Define "weird behaviour"?


My test, by the way, is still running:

...
Time: 5-3-2020 09:48:12, running: 1.18:45:52.4978648, delta: -03.1684215, avg: -01.6441190
Time: 5-3-2020 09:48:22, running: 1.18:46:02.4983287, delta: -03.1679574, avg: -01.6442180
Time: 5-3-2020 09:48:32, running: 1.18:46:12.4986343, delta: -03.1686522, avg: -01.6443170
...
hero-joel commented 4 years ago

Sorry, i didn't include the output from the "test". as you can see the delta grows every time i create a new instance of the generator?

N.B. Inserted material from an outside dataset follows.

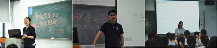 下午16点,七个新生班级分别在公司楼3号楼和7号楼召开了第一次新生班会。各班班主任、辅导员、芮+导师均参加了班会。会上,首先新生们进行自我介绍,来自五湖四海的同学们相聚在一起,全是欢声笑语。之后班主任、辅导员对本专业的基本情况,新生的适应问题和大学的生涯规划做出介绍,希望他们能够在努力学习的同时积极参加第二课堂的活动,丰富自己的老员工活。最后,全体同学与老师们合影留念,并用相机记录下精彩的班级全家福。

05/03/2020 09:34:13 +00:00, running: 00:00:03.3175749, delta: -00.0093570, avg: -00.0093570 05/03/2020 09:34:23 +00:00, running: 00:00:13.3353828, delta: -13.3264775, avg: -06.6679172 05/03/2020 09:34:33 +00:00, running: 00:00:23.3366473, delta: -23.3282133, avg: -12.2213493 05/03/2020 09:34:43 +00:00, running: 00:00:33.3390627, delta: -33.3298018, avg: -17.4984624

Why is that intended? (not questioning you, just want to understand).

RobThree commented 4 years ago

as you can see the delta grows every time i create a new instance of the generator?

That's a pre-V2.2 issue. See #20 and upgrade to 2.2.

Please note that IdGenerators are, normally, intended to be kept around as long as possible; preferably during the lifetime of the application.

hero-joel commented 4 years ago

2.2 fixes it indead, noted on the generator lifetime. Thank you very much!

RobThree commented 4 years ago

Reading over this issue again it seems that you may only create a single IdGenerator every time this "Grain" is 'active' or 'woken up' or something but somehow it keeps state (evident from this < 2.2 bug).

What had me confused is that you stated "i am certain im not creating multiple generators.". Technically, for this "Grain" you may not be, but apparently these "Grains" (I really don't know what the hell I'm talking about 🤣 ) are activated/deactivated or awake/put to sleep or something and each time that happens you do create a new IdGenerator.

Since you talked about 'drift' (quite a lot, 10 minutes over 3 hours) but not as much as as later demonstrated) I didn't think it was related to #20 and had the appearance of the internal stopwatch actually running fast (maybe it still does?). But I guess what happens is that this "Grain" is only inactive/asleep for very short periods which causes a 'gradual drift' of small amounts of time that, eventually, resulted in about 10 minutes over 3 hours.

At least, that's the best explanation I can give for what seemed to be going on here... 😜 I hope your problem is fixed for good now.